Bei künftigen Ausschreibungen für Biogasanlagen ist der „Maisdeckel“ einzuhalten. Alternative Substrate wie Stroh sind dann gefragt. Was zu bedenken ist.

Bei den Reststoffen kommt vor allem Stroh in Frage:

  • Es fällt in der Landwirtschaft jährlich in großem Umfang an.
  • Die „Veredelung“ über die Biogasanlage hat den Vorteil, dass im Gegensatz zur Strohrotte auf dem Acker nicht zwei Drittel des Stroh-Kohlenstoffs in die Atmosphäre entweichen. Sie werden dem Boden in leicht umsetzbarer Form zugeführt und damit auch für den Humusaufbau zur Verfügung stehen.
  • Weil das Stroh selbst geringe Stickstoff(N)-Gehalte aufweist, ist es ein idealer Mischungspartner für Substrate, die wegen ihres hohen N-Gehaltes bisher nur eingeschränkt vergoren werden konnten.
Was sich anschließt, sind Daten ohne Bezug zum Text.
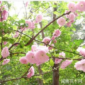 普贤象樱花:为蔷薇科樱桃属,重瓣樱花品种。花期3月下旬或4月初,花叶同开。与怨厣秸较为相似,普贤象樱花的花苞初开时是粉红色的,但等到全开时会变成粉白色,花梗弯曲下垂。重瓣樱花以普贤象樱花的花期更晚,四月中旬才进入盛开时期,它的花瓣数量更多,达到20~50枚之多。花芯伸出2片由雌蕊叶化而成的绿叶。由于化叶过的雌蕊,像普贤菩萨所骑的象,亦突出两支象牙,故起名普贤象樱花。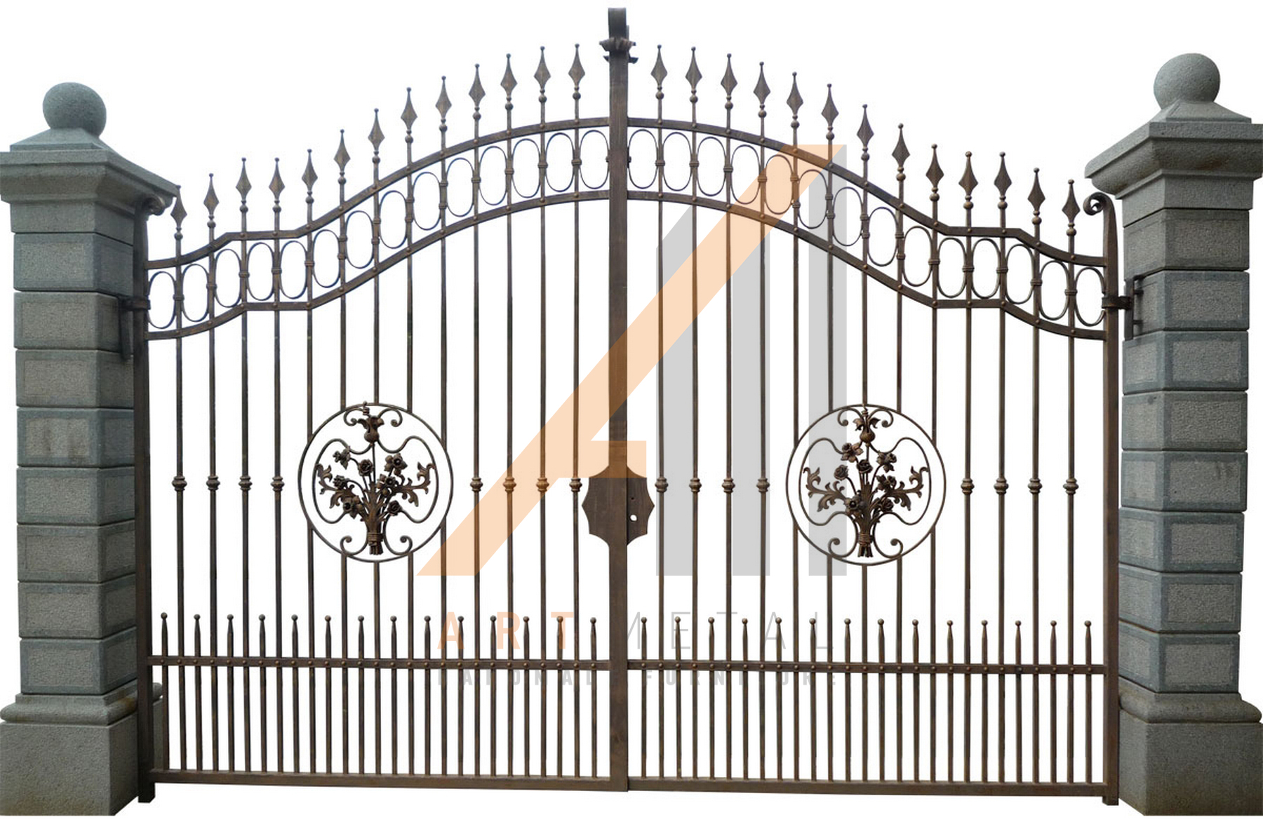 Μεταλλικές πόρτες ανοιγόμενες και συρόμενες από σφυρήλατο σίδερο μασίφ. Αυλόπορτες σιδήρου διακοσμημένες με στοιχεία μοτίφ και παραστάσεις σιδήρου. Καγκελόπορτες σε παραδοσιακή και μοντέρνα γραμμή για το σπίτι και την επιχείρησή σας από την Art Metal.

Wie viel Stroh steht zur Verfügung?

Weil Getreidestroh auch bislang schon als Stalleinstreu genutzt wurde, ist eine Differenzierung zwischen dem theoretischen und dem nachhaltig nutzbaren Strohpotenzial notwendig:

  • Das nachhaltige Strohpotenzial Deutschlands beträgt abhängig von der verwendeten Methode der Humusbilanzierung zwischen 8 und 13 Mio. Tonnen im Jahr (Angaben des Deutschen Biomasse-Forschungszentrums, DBFZ).
  • Diese Zahlen entsprechen 27 bis 43 % des gesamten theoretisch nutzbaren Strohpotenzials in Deutschland.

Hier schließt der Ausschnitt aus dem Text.